Mammograms interpreted by radiologists who have more discomfort with uncertainty have higher likelihood of being recalled.
Studies on mammography interpretive performance indicate significant variability exists among radiologists.1–4 Sensitivity of screening and diagnostic mammography range from 72.4–88.6% to 78.1–85.8%, respectively.5–8 Sources of this variability have been attributed to radiologists’ interpretive volume and years of interpretive experience, but even the most recent studies on these factors reported conflicting results.9,10 Variability in interpretive performance, especially in diagnostic mammography, is an important clinical problem because low recall rates can result in missed cancer or delay in diagnosis, whereas high recall rates can lead to unnecessary work-up with associated costs, patient anxiety, and potential for patient morbidity.
Several factors may affect radiologists’ thresholds of concern as they view mammographic images and decide whether the film is positive, negative, or inconclusive. The practice environment is one such factor, as interpreting mammography occurs in a highly litigious environment in the United States. Failure or delay in breast cancer diagnosis is the most frequent medical malpractice allegation in the United States,11 likely making interpreting mammography quite stressful. One study in Internal Medicine found that physicians’ reactions to uncertainty led to excessive resource use.12 In a previous study,13 we found that reactions to uncertainty, including stress or anxiety, were associated with sex and years of interpretive experience but had no affect on interpretive performance of screening mammography. We concluded that interpreting screening mammography where cancer detection rates are quite low, approximately 4 out of 1,000,5–7,14 is not as stressful as hypothesized. In contrast, diagnostic mammography has a reported cancer detection rate of 25 out of 1,000,15 and may be associated with higher levels of stress from uncertainty than screening mammography.

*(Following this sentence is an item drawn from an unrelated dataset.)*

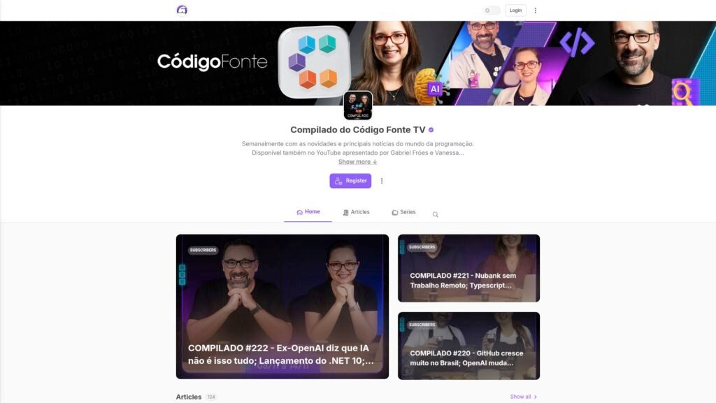 Descrição do site: Página oficial do podcast Compilado do Código Fonte TV, apresentado por Gabriel Fróes e Vanessa Weber, programadores que também comandam um canal popular no YouTube. Nele, são publicados episódios semanais que resumem as principais notícias e tendências do mundo da programação, tecnologia e desenvolvimento de software. Cada episódio traz temas como inteligência artificial, linguagens de programação, frameworks, segurança e novidades do ecossistema tech contemporâneo. Além do formato de áudio, os compilados também estão disponíveis em vídeo, conectando com o conteúdo do Código Fonte TV. O site exige login para acesso a alguns conteúdos e incentiva a inscrição por e-mail, mantendo a privacidade do usuário. Também promove uma área de assinantes, que têm acesso a episódios exclusivos. A apresentação é feita de forma leve e bem-humorada, tornando assuntos complexos mais acessíveis para desenvolvedores de diferentes níveis. É um ponto de encontro virtual para quem quer se manter informado sobre tecnologia com profundidade, em companhia de duas vozes expert na área.

We used a well-validated instrument16,17 to assess reactions to uncertainty among radiologists who interpret diagnostic mammography in three distinct regions in the United States. In addition, we explored the extent to which radiologists’ reactions to uncertainty explain variability in interpretive performance of diagnostic mammography. We hypothesized that more stressful reactions to uncertainty would be associated with the likelihood of recalling women for additional work-up.
Three regional mammography registries participated in this study: Group Health Cooperative, a nonprofit integrated health care organization in the Pacific Northwest; the New Hampshire Mammography Network,18 which captures 90% of women undergoing mammography in New Hampshire; and the Colorado Mammography Program, which captures approximately 50% of the women in the six-county metropolitan area of Denver. These three registries are members of the federally funded Breast Cancer Surveillance Consortium.19 Although certain characteristics of the registries differ, they represent the spectrum of health delivery systems providing mammography in the U.S. Federal, state and local confidentiality and data security protections obtained to guard this research data are described elsewhere.20
Eligible radiologists included those interpreting screening and diagnostic mammograms around the time of the survey, identified through the three registries. Radiologists were excluded if they planned to move or retire during the study period. After we obtained approval from the Institutional Review Board of each site, we used mail and telephone follow-up to recruit eligible radiologists. Subjects were informed that their participation would involve completing a survey about their demographic, clinical, and other mammography-related experience, which would then be linked to their interpretive performance of mammography as obtained from their respective registries.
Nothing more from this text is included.